The left side of this panel displays the data rules created for the object that is selected in the Profile Objects tab of the object tree as a result of the data profiling. When you include a table in the data profile, any data rules or check constraints on the table are automatically added. The data rules are added to the Derived_Data_Rules node under the Data Rules node of the project that contains the data profile.

You can add rules to this panel in the following ways:

Some of the tabs on the Profile Results Canvas contain a Derive Data Rule button. This button is enabled when you select a hyperlink on the tab. Click Derive Data Rule to derive a data rule for the selected result.

If the data rules has already been derived, the Remove Rule button is enabled.
Click Apply Rule in the Data Rules panel. The Apply Data Rule wizard is displayed. For more information about this wizard, see "Deriving Data Rules". Use this wizard to select an existing data rule and apply it to the table selected in the object tree.

You can disable any of the data rules in the Data Rule panel by unchecking the check box to the left of the data rule. To delete a data rule, right-click the gray cell to the left of the data rule and select Delete.

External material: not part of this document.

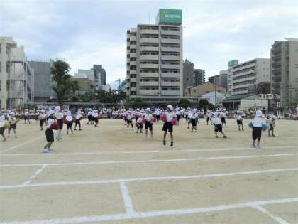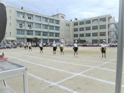 1年生にとって小学校生活最初の運動会です。細かな振り付けをしっかりと覚えて、笑顔で踊っていました。全体の動きも頑張っていました。

The details displayed for an applied data rule are as follows:

Name: The name of the applied data rule.

Rule: Click this field to display the name of the module that contains the data rule and the name of the data rule. Click the Ellipsis button on this field to launch the Edit Data Rule dialog that enables you to edit the data rule.

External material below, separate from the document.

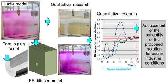 Due to the results obtained, the research was carried out using a water model of a steel ladle was of a double nature—qualitative and quantitative. The result of the qualitative research was the visualization of the process of mixing the model liquid and, based on it, the assessment of the mechanism of formation of a cone of gas bubbles (gas column). During these tests, the degree of gas dispersion in the model liquid was also determined. As a result of quantitative tests, RTD mixing curves and, based on them, the minimum values for the mixing time were determined. The minimum mixing time was adopted as a criterion for assessing the ability of the tested system to homogenize the model liquid. Figure 2 shows a schematic diagram of the research program.
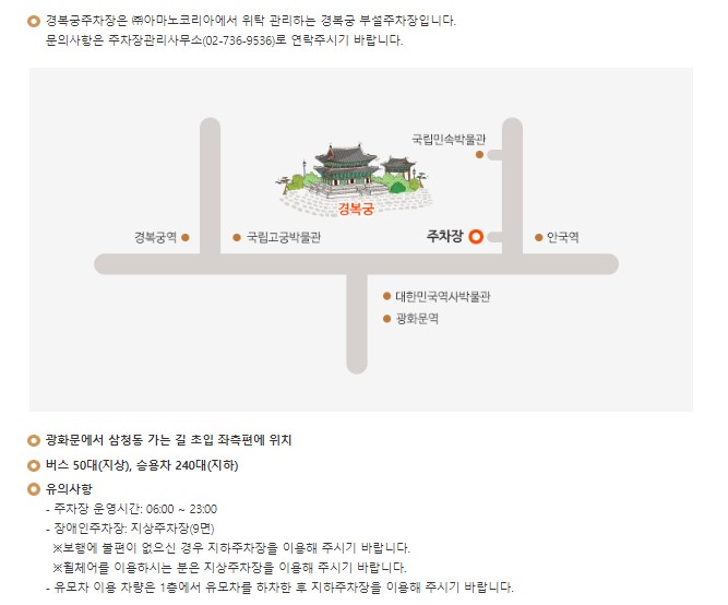 아무래도 경복궁은 경복궁역이나 광화문역에서의 접근성도 편리하다 보니 일반 대중의 주차장이 협소합니다. 경복궁 주차장의 승용차 주차면수가 240대 밖에 안되니 항상 복잡한 편입니다.

Rule Type: The type of data rule. This is not editable.

Description: The description of the applied data rule.

Configuring Data Profiles

You can configure a data profile by setting its configuration parameters in the Property Inspector of the Data Profile Editor. For more information about the properties that you can configure, see "Configuration Parameters for Data Profiles".

You can set configuration parameters for a data profile at any of the following levels:

For all objects in the data profile

To set configuration parameters for all objects contained in the data profile, select the data profile in the Profile Objects tab of the Object Tree. In the Property Inspector, set the configuration parameters to the required values. These parameters are set for all the objects in the data profile.
For a single object in the data profile

To set configuration parameters for a single object within a data profile, select the object in the Profile Objects tab of the Object Tree. In the Property Inspector, set the configuration parameters.
For an attribute in an object

To set configuration parameters for an attribute within an object, in the Profile Objects tab of the Object Tree, expand the object node to display the attributes it contains. For example, you can expand a table node to display its columns. Select the attribute for which you want to specify configuration parameters. In the Property Inspector, set the configuration parameters.